NT Wright Responds to Stephen Hawking on Heaven

What Stephen Hawking doesn’t understand about heaven.

It’s in the Washington Post:

It’s depressing to see Stephen Hawking, one of the most brilliant minds in his field, trying to speak as an expert on things he sadly seems to know rather less about than many averagely intelligent Christians. Of course there are people who think of ‘heaven’ as a kind of pie-in-the-sky dream of an afterlife to make the thought of dying less awful. No doubt that’s a problem as old as the human race. But in the Bible ‘heaven’ isn’t ‘the place where people go when they die.’ In the Bible heaven is God’s space while earth (or, if you like, ‘the cosmos’ or ‘creation’) is our space. And the Bible makes it clear that the two overlap and interlock. For the ancient Jews, the place where this happened was the temple; for the Christians, the place where this happened was Jesus himself, and then, astonishingly, the persons of Christians because they, too, were ‘temples’ of God’s own spirit.

Hawking is working with a very low-grade and sub-biblical view of ‘going to heaven.’ Of course, if faced with the fully Christian two-stage view of what happens after death — first, a time ‘with Christ’ in ‘heaven’ or ‘paradise,’and then, when God renews the whole creation, bodily resurrection — he would no doubt dismiss that as incredible. But I wonder if he has ever even stopped to look properly, with his high-octane intellect, at the evidence for Jesus and the resurrection? I doubt it — most people in England haven’t. Until he has, his opinion about all this is worth about the same as mine on nuclear physics, i.e. not much.
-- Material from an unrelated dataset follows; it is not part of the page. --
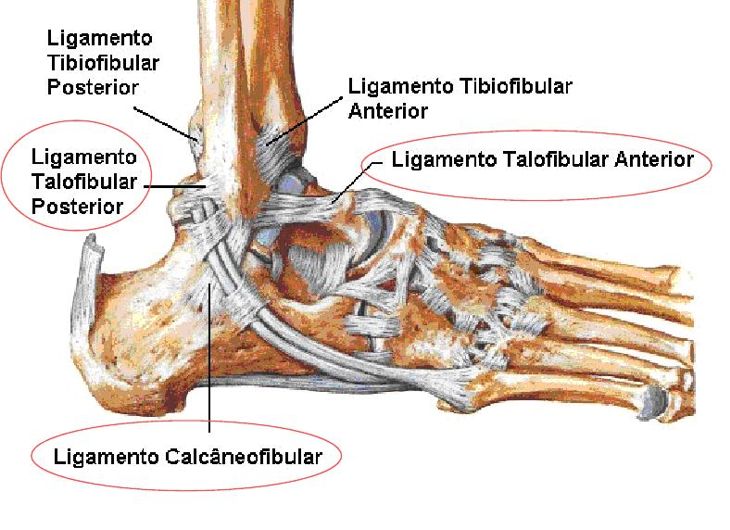 O tornozelo e o pé tem suas articulações protegidas por diversos ligamentos, como mostrado na figura abaixo, mas três são mais importantes na estabilização lateral do tornozelo: Ligamento Talofibular Anterior, Ligamento Talofibular Posterior e Ligamento Calcâneofibular.

As for the creation being self-caused: I wonder if he realises that he is simply repeating a version of ancient Epicureanism? i.e. the gods are out of the picture, a long way away, so the world/human life/etc has to get on under its own steam. This is hardly a ‘conclusion’ from his study of the evidence; it’s simply a well known worldview shared by most post-Enlightenment westerners. It is the worldview which enables secular democracy to consider itself an absolute, despite its numerous and rather obvious failings right now. The depressing thing is that Hawking doesn’t seem to realize this and so hasn’t even stopped to think that there might be quite sophisticated critiques of Epicureanism, ancient and modern, which he should work through. Not least the Christian one, which again focusses on Jesus.

Of course, the old set-up of the ‘science and religion’ debate was itself deeply influenced by this same worldview, and needs realigning. In fact, the ancient Christians would have been shocked to see their worldview labelled as a ‘religion.’ It was a philosophy, a politics, a culture, a vocation… the category of ‘religion’ is part of the problem, not part of the solution.